Task to complete: Print every line of the listing below, starting with the line that holds "日前,在北京举行的非遗生产性" and going on through the line that holds "En este esquema", both included, and print nothing else.

Records shown:
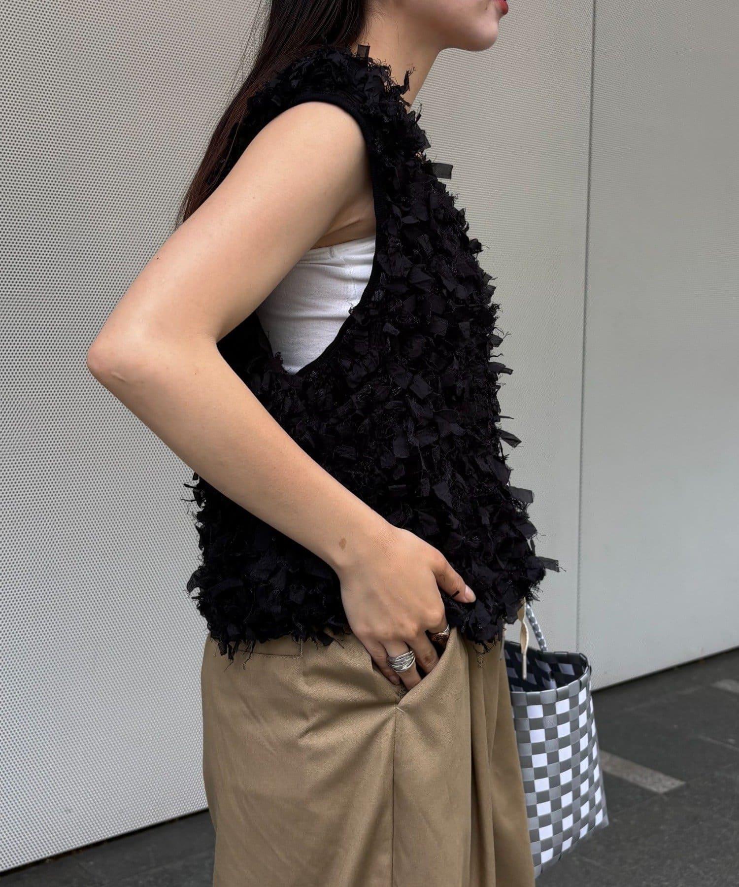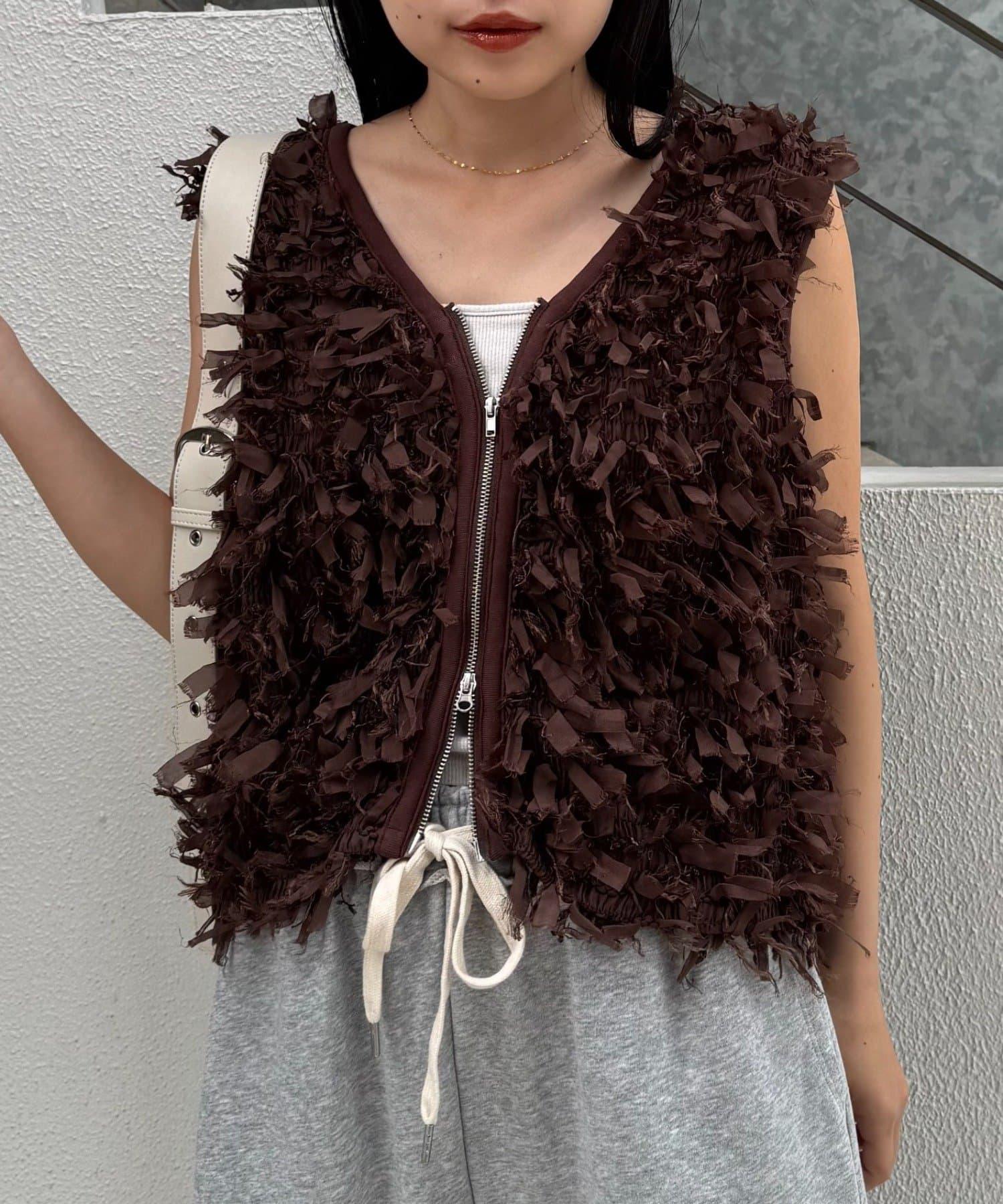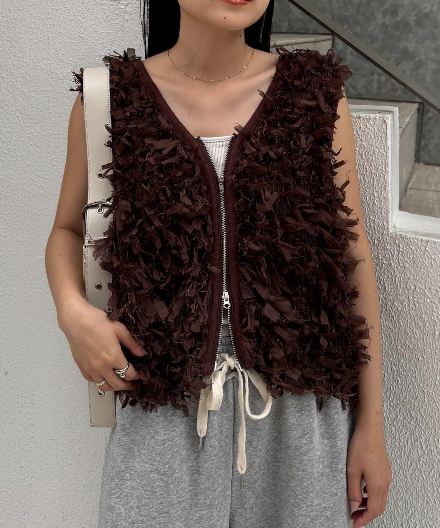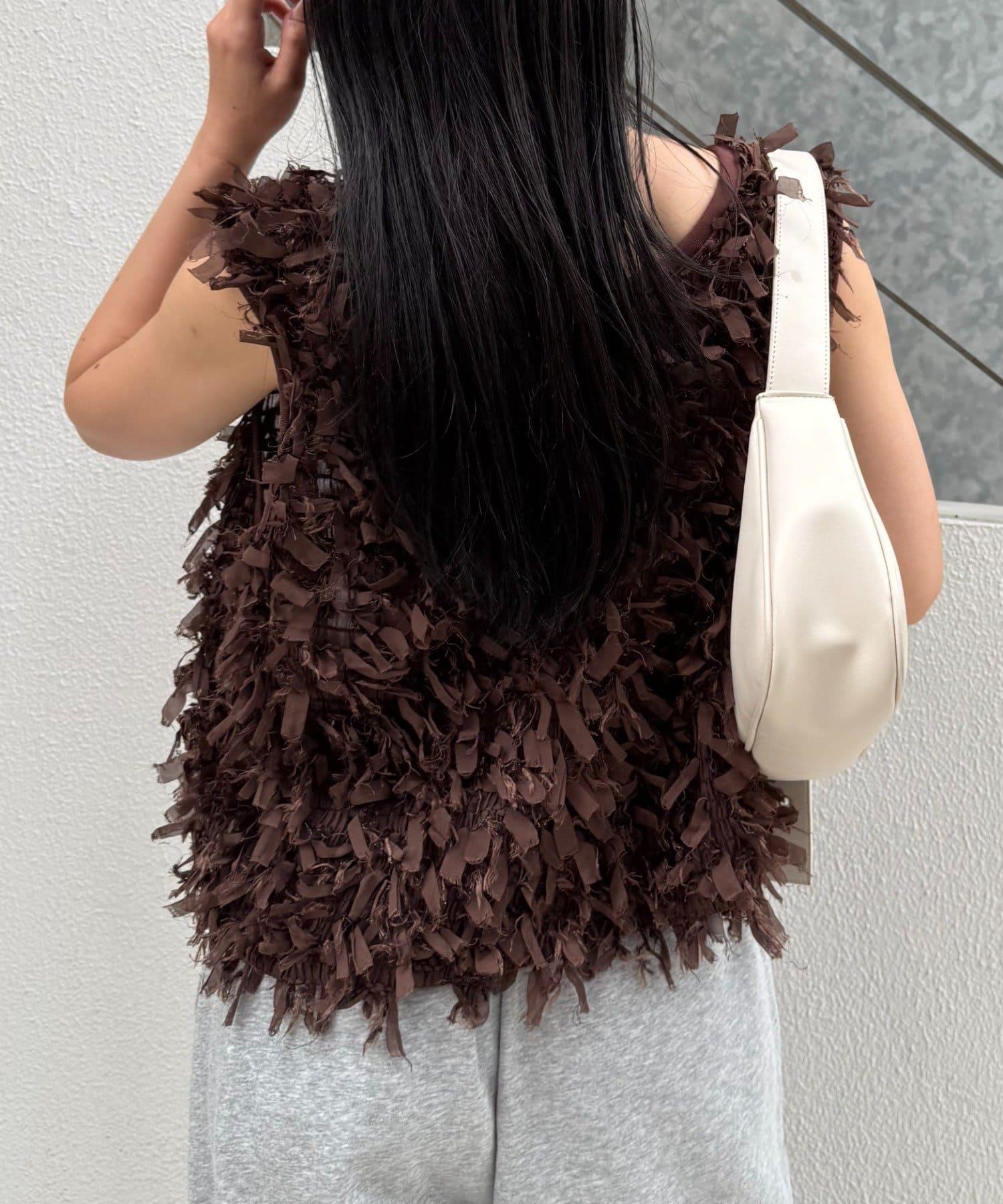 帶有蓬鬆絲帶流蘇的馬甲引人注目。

--

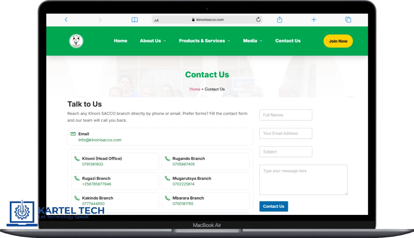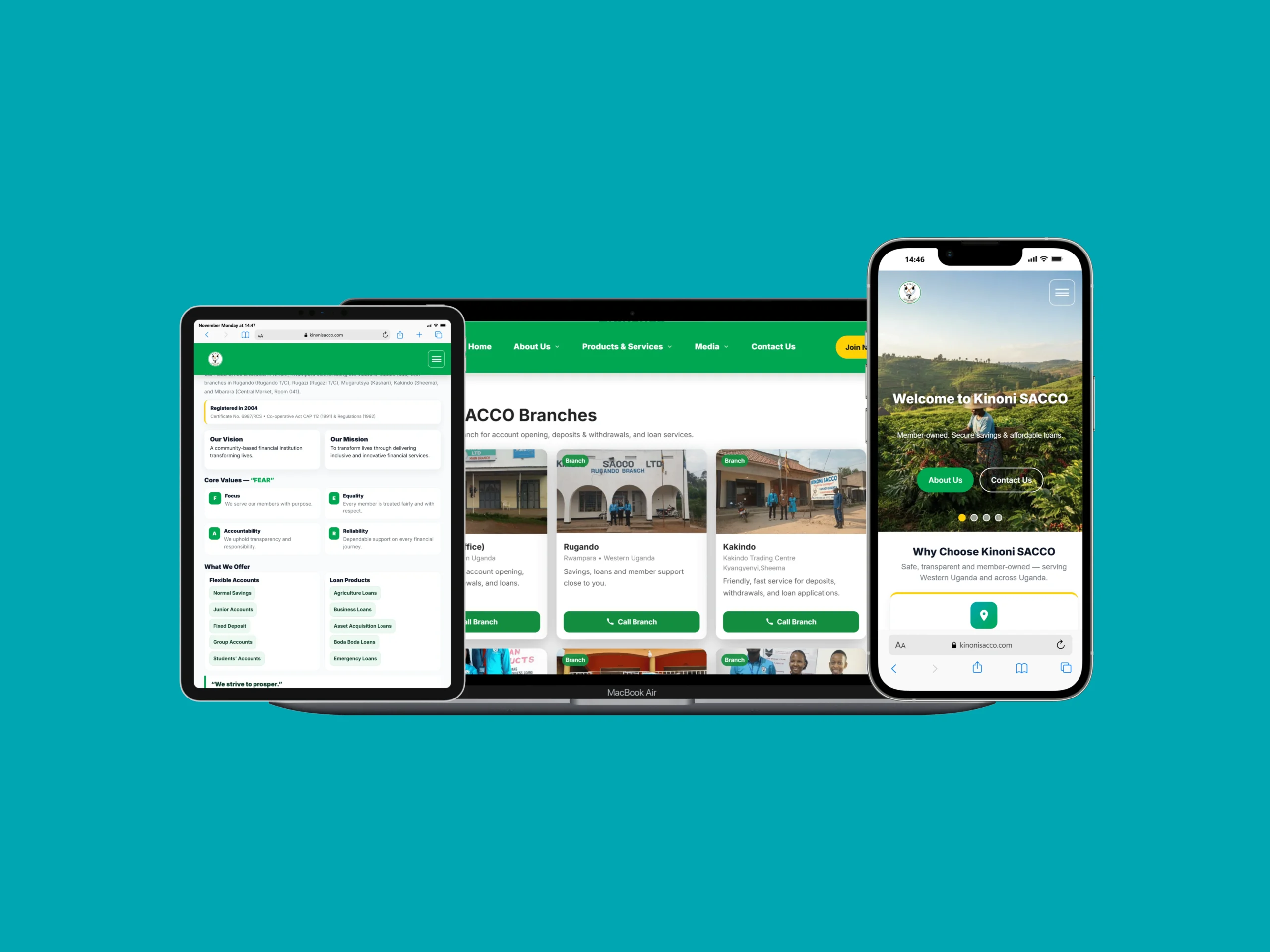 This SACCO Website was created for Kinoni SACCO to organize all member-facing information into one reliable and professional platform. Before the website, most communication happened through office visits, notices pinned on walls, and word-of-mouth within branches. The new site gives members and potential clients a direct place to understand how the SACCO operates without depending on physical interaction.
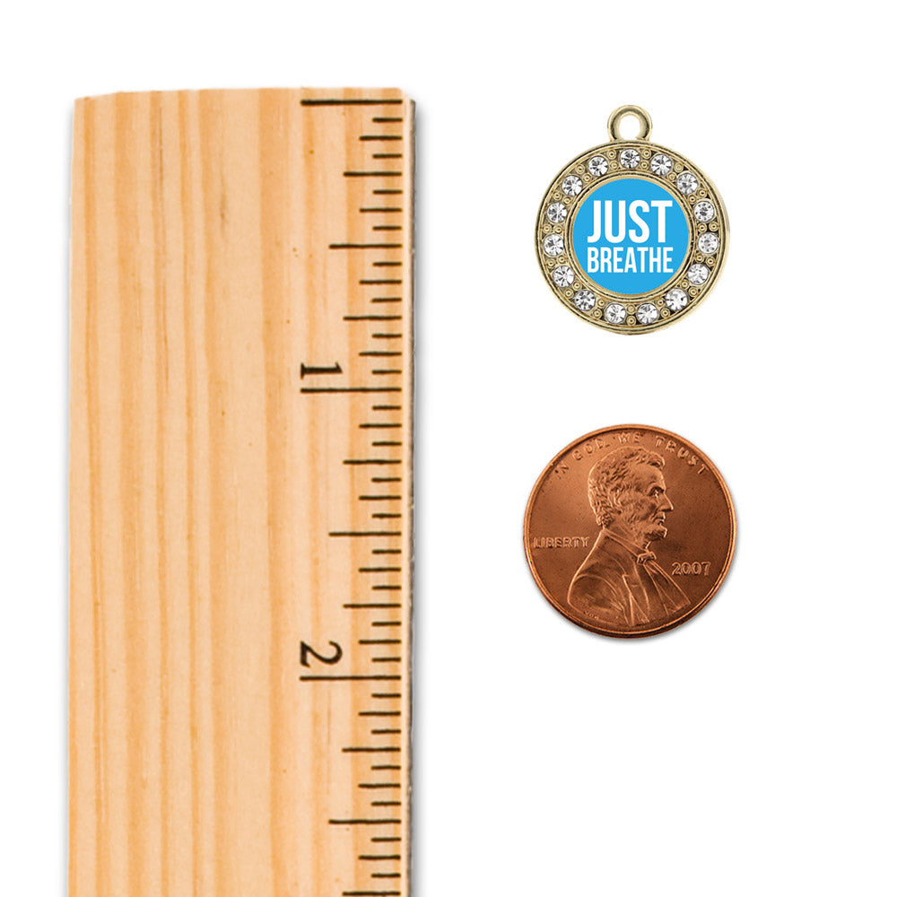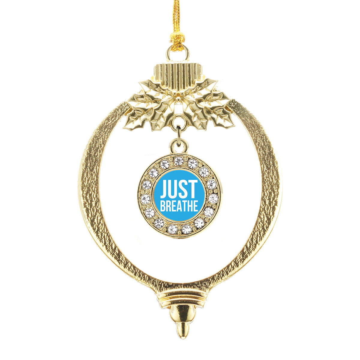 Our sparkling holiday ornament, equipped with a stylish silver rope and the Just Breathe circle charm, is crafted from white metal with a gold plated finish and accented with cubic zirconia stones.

==

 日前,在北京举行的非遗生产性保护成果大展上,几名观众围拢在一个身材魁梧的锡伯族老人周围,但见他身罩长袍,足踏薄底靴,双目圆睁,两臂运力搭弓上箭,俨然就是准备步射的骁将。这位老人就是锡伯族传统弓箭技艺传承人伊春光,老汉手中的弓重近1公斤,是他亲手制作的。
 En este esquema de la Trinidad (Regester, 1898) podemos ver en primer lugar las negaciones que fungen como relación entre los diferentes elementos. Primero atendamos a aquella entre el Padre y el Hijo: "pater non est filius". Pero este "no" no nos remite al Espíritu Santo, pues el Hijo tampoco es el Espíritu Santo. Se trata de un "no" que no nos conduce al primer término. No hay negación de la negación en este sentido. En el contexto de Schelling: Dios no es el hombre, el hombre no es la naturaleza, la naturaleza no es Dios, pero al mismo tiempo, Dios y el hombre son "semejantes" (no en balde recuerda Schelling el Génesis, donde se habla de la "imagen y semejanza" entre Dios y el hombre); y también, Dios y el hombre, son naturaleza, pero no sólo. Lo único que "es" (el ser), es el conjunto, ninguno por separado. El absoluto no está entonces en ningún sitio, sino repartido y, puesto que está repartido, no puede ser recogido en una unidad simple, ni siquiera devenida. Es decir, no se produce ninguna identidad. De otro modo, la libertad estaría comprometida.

Output:
 日前,在北京举行的非遗生产性保护成果大展上,几名观众围拢在一个身材魁梧的锡伯族老人周围,但见他身罩长袍,足踏薄底靴,双目圆睁,两臂运力搭弓上箭,俨然就是准备步射的骁将。这位老人就是锡伯族传统弓箭技艺传承人伊春光,老汉手中的弓重近1公斤,是他亲手制作的。
 En este esquema de la Trinidad (Regester, 1898) podemos ver en primer lugar las negaciones que fungen como relación entre los diferentes elementos. Primero atendamos a aquella entre el Padre y el Hijo: "pater non est filius". Pero este "no" no nos remite al Espíritu Santo, pues el Hijo tampoco es el Espíritu Santo. Se trata de un "no" que no nos conduce al primer término. No hay negación de la negación en este sentido. En el contexto de Schelling: Dios no es el hombre, el hombre no es la naturaleza, la naturaleza no es Dios, pero al mismo tiempo, Dios y el hombre son "semejantes" (no en balde recuerda Schelling el Génesis, donde se habla de la "imagen y semejanza" entre Dios y el hombre); y también, Dios y el hombre, son naturaleza, pero no sólo. Lo único que "es" (el ser), es el conjunto, ninguno por separado. El absoluto no está entonces en ningún sitio, sino repartido y, puesto que está repartido, no puede ser recogido en una unidad simple, ni siquiera devenida. Es decir, no se produce ninguna identidad. De otro modo, la libertad estaría comprometida.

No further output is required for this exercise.